Data to examine:
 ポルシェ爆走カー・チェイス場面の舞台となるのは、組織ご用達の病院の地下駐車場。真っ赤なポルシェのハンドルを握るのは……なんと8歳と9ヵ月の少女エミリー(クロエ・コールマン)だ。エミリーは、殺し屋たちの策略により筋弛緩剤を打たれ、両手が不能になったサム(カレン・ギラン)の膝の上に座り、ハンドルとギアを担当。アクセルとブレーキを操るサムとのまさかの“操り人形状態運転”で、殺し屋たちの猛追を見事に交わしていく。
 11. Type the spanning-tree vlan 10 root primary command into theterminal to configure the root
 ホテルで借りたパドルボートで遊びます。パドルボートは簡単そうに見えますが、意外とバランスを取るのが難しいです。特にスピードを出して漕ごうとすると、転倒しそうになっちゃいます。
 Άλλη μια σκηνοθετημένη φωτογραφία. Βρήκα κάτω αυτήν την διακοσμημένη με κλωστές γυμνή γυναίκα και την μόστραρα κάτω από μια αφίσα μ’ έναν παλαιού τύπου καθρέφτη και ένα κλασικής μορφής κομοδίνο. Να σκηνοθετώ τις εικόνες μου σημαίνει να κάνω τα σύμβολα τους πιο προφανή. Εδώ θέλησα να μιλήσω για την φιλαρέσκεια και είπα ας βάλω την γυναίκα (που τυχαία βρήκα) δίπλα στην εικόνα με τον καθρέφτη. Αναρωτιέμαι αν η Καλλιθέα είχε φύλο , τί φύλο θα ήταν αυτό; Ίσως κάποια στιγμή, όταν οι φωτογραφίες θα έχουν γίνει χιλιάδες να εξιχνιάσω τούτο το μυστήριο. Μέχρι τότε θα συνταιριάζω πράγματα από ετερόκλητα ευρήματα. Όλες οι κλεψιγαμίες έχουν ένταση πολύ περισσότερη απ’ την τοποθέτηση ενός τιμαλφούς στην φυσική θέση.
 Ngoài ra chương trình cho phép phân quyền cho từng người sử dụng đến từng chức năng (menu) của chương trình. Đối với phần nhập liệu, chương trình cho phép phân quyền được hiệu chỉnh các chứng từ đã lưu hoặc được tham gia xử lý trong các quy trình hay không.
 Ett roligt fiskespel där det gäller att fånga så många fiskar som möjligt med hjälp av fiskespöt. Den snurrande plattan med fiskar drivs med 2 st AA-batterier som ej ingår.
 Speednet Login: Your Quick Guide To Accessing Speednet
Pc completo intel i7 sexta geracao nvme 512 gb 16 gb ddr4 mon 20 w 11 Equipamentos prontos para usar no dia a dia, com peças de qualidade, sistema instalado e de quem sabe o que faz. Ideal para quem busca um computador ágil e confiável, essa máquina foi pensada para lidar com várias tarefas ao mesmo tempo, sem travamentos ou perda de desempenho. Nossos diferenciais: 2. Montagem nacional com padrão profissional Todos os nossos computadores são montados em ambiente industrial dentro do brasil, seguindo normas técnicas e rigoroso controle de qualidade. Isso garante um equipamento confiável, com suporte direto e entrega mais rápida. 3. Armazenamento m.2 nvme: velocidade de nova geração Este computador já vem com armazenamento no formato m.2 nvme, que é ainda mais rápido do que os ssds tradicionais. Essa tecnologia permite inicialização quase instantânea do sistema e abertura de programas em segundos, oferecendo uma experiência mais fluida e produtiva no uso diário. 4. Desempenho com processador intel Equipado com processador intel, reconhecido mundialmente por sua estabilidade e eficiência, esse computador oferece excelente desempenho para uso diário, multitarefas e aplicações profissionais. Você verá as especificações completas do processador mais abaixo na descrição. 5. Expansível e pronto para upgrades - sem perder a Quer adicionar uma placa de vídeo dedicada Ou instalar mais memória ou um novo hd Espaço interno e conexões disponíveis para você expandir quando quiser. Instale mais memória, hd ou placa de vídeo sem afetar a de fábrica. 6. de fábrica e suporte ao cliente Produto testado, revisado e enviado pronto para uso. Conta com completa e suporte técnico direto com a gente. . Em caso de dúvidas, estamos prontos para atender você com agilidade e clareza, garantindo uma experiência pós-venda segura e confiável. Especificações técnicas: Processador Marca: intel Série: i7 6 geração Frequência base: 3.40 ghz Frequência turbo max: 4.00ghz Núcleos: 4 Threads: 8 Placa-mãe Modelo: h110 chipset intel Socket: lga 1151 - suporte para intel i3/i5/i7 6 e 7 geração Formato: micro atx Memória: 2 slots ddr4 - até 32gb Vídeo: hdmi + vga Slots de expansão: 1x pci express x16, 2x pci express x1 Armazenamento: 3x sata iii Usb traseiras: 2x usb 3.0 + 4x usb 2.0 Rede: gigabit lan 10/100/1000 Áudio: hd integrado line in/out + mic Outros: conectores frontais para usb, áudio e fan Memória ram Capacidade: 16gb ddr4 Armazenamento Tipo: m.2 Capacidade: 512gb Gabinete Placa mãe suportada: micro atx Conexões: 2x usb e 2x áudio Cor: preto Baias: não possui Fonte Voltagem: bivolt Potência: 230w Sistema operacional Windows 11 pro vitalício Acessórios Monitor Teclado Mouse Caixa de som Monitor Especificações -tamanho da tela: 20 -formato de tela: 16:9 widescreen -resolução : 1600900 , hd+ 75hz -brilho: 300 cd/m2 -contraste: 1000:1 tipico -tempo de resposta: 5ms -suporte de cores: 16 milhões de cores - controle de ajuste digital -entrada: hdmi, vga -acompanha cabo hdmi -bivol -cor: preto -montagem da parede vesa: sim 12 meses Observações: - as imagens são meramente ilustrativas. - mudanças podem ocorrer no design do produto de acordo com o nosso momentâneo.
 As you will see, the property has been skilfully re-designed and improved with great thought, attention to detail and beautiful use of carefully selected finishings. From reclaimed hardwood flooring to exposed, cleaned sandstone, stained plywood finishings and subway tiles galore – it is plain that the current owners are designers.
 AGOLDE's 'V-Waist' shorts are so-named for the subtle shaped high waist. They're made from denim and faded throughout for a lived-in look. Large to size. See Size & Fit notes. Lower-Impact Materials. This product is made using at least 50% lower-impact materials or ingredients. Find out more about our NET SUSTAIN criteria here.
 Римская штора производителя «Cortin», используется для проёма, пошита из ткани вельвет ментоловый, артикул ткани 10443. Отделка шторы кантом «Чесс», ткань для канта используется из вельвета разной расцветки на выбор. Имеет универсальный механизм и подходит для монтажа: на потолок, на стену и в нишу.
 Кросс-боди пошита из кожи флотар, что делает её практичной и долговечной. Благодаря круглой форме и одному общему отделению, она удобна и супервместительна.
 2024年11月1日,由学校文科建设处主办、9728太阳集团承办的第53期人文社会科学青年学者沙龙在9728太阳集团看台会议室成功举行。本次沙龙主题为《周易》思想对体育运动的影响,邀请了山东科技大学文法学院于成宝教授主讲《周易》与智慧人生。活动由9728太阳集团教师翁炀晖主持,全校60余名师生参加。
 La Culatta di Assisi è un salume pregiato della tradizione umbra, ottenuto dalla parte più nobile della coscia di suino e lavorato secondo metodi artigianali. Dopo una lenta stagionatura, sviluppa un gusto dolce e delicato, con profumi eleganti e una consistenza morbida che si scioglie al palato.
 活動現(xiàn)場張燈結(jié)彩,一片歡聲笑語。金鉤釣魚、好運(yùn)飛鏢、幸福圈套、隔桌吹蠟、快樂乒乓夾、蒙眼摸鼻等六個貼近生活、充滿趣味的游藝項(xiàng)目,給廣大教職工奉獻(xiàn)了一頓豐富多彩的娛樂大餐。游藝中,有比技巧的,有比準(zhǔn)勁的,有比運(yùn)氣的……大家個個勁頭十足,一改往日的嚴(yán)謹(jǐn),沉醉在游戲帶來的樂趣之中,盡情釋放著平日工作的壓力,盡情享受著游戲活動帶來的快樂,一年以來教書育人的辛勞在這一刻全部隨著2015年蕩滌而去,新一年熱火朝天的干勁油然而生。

Work order:
Your answer must be the lines above from the one containing "Ett roligt fiskespel" to the one containing "Speednet Login: Your", both included, restated word for word.

Answer space:
 Ett roligt fiskespel där det gäller att fånga så många fiskar som möjligt med hjälp av fiskespöt. Den snurrande plattan med fiskar drivs med 2 st AA-batterier som ej ingår.
 Speednet Login: Your Quick Guide To Accessing Speednet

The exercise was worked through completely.